Jules Ferry avait fait oeuvre durable… Suite à l’abrogation intervenue subrepticement dans l’Ordonnance n° 2000-549 du 15 juin 2000-art.7(V), les départements de notre République furent « enfin » déchargés de l’installation première et de l’entretien annuel des écoles normales de leur ressort. Les visiteurs intéressés pourront consulter document joint comportant les textes correspondants

L’esprit de promotion fondé en 1954-1958 (Promotion ENG Etincelle), se transforme  et participe à l’esprit de corps qui se convertit au fil des ans en indéfectible amitié.

C’est ainsi que les protagonistes en question se retrouvent, après leur vie professionnelle, pour un repas de promotion qui se tint le 2 septembre 2000 à Morgat. Les visiteurs intéressés pourront voir ici la photo de rigueur prise 46 ans après leur entrée à l’ENG :

Regroupement de la promotion Etincelle (54-58), le 2 septembre 2000 à Morgat – (Phot., coll., pers., Yvonne Bouër)

Ils pourront aussi prendre connaissance de quelques uns des éléments subjectifs sous-tendant une amitié qui perdure en 2018 et continue d’être entretenue en cliquant ici
Il est bien connu que « l’amitié n’exige rien en échange, que de l’entretien » et qu’il ne faut pas « laisser croître l’herbe sur le chemin de l’amitié ».

Retour inéluctable sur la défense de la loi de 1905 : préparer les combats du futur proche à l’aide de lectures de bon aloi pour un été caniculaire… 
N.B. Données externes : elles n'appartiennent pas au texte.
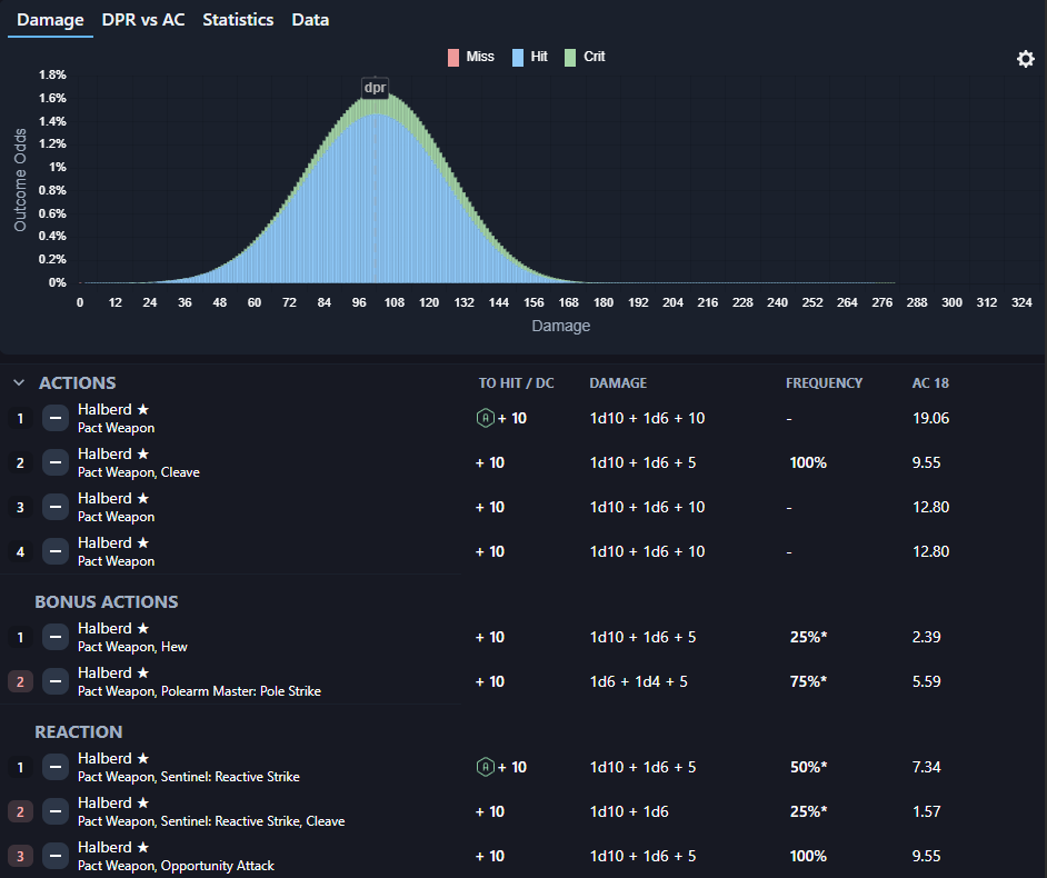 Below is the estimated DPR for this build at 12th level against AC 18. This assumes Hex is cast and that 1st attack in the round has advantage (familiar flyby). DPR is 67.28. FWIW - this is estimated / mapped on DPRcalc.com (seems to be a great site for estimating damage). EDIT: Fixed percentages to be more realistic (but this still makes lots of assumptions and is inherently multi-target damage due to cleave, hew, reactive / opportunity strike, etc...).

Retour aux bons auteurs et aux fondamentaux !

Il s’agit notamment de l’ouvrage « Un siècle  de laïcité en Bretagne, 1905-2005 » de Johan Theuret et des enjeux correspondants rappelés par Edmond HERVE ancien maire de Rennes : « La laïcité est un principe philosophique et politique qui exige l’émancipation de la personne par la connaissance, le droit et la démocratie. Elle impose le respect de l’autre, le pluralisme et ne peut exister  en dehors du bien commun. La liberté,l’égalité,la fraternité ne se conçoivent pas sans elle. »
Les  visiteurs intéressés pourront  accéder à cet ouvrage en suivant le lien:
Siècle de laïcité en Bretagne (Un) :http://www.editions-apogee.com/siecle-de-laicite-en-bretagne-un.html
et en consultant la reproduction peu connue présentée en première de couverture

Normaliens de l’ENG de Quimper en stage d’éducation physique et sportive au CREPS de Dinard (1958).
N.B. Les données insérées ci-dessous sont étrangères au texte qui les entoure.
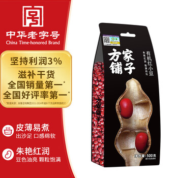 方家铺子中华老字号 有机红小豆1斤 红豆粥豆沙 大米伴侣 五谷杂粮粗粮

Les visiteurs du site pourront consulter tout d’abord cette photographie représentant le CREPS de Dinard créé à la Libération et consulter en cliquant ici la copie d’un article de presse rappelant quelques étapes de la vie  de cet établissement jusqu’en 2010 où il devint « Campus de l’excellence sportive en Bretagne ».
Ils pourront ensuite prendre connaissance de la photo des élèves-maîtres de la Promotion ETINCELLE (1954-1958) prise sur le perron du CREPS, en présence du Directeur Léon BINET (en charge de l’institution de 1945 à 1972) et des professeurs de l’équipe d’encadrement :

Célestin Perrigault (dit Tintin), ancien normalien de Rennes et de Quimper, décoré de la Légion d’Honneur, pour son implication dans la Résistance

Normalien de l’ENG de Rennes, ayant achevé sa formation d’Instituteur à Quimper et en Finistère pendant l’occupation allemande, notre camarade a reçu l’insigne de Chevalier de la Légion d’Honneur, dans les salons de l’Hôtel de Ville de Rennes, le 4 août 2018.
Les visiteurs intéressés pourront retrouver sur site un article du récipiendaire intitulé « Pérégrinations finistériennes d’un normalien de Rennes pendant les années de plomb (1940-1945) » et prendre connaissance d’un article de presse concernant la remise de cette distinction (Document 1).
L’association lui adresse ses sincères félicitations.